** Supplied information **

==*==

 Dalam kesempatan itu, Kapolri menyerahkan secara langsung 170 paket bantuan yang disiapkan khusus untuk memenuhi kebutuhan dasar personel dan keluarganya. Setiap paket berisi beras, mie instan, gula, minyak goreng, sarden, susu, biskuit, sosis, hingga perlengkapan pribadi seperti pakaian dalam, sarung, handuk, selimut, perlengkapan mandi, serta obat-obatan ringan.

==*==

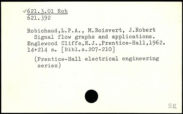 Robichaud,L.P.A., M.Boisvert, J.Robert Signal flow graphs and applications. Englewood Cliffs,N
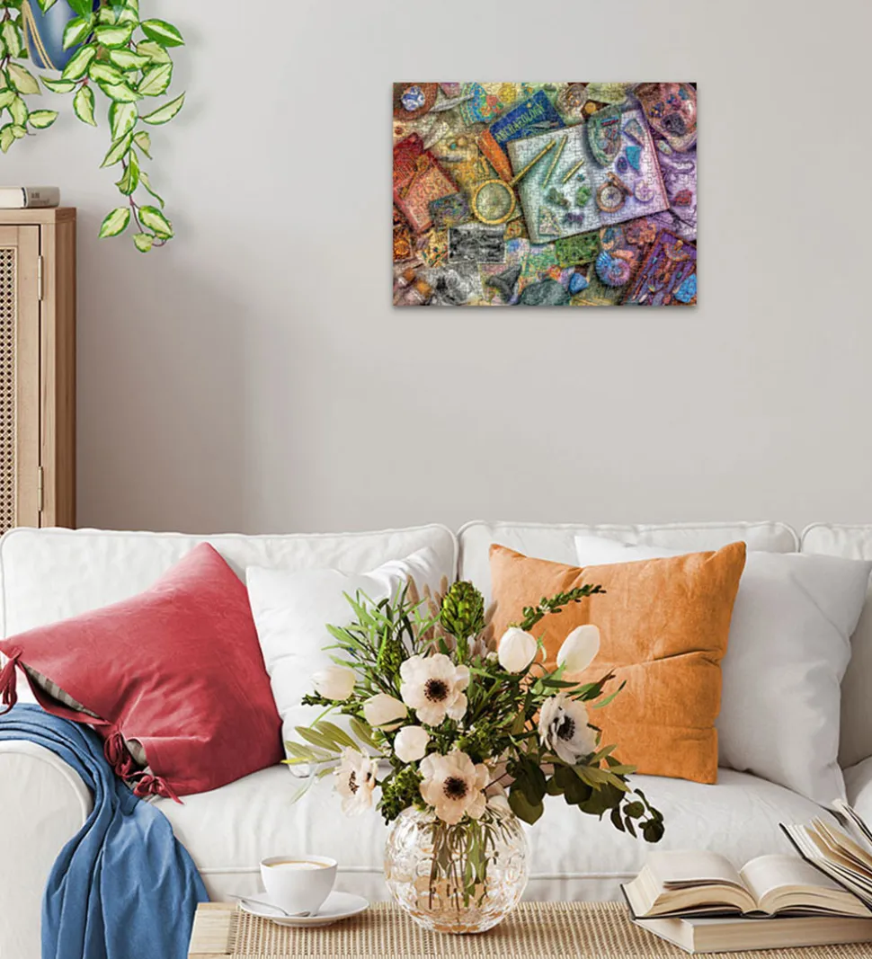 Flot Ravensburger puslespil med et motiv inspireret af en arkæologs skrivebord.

==*==

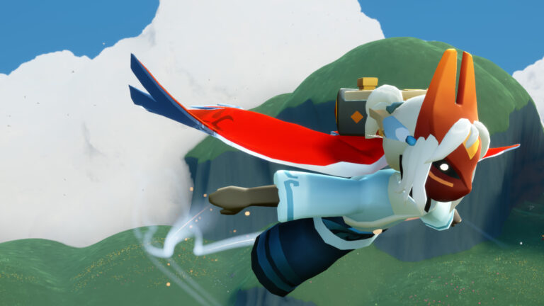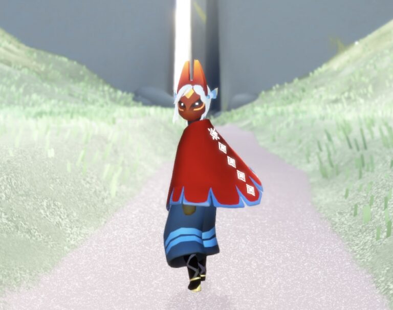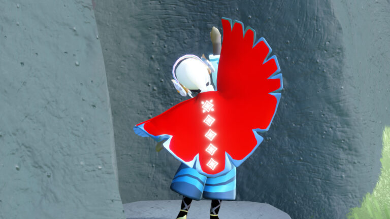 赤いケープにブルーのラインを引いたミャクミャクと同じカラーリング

==*==

** What needs to be done **
Out of the records above, please copy exactly the lines from the line with "Robichaud,L.P.A., M.Boisvert, J.Robert" up to and including the line with "Flot Ravensburger puslespil", minus the pictures.

** Result of this task **
 Robichaud,L.P.A., M.Boisvert, J.Robert Signal flow graphs and applications. Englewood Cliffs,N
 Flot Ravensburger puslespil med et motiv inspireret af en arkæologs skrivebord.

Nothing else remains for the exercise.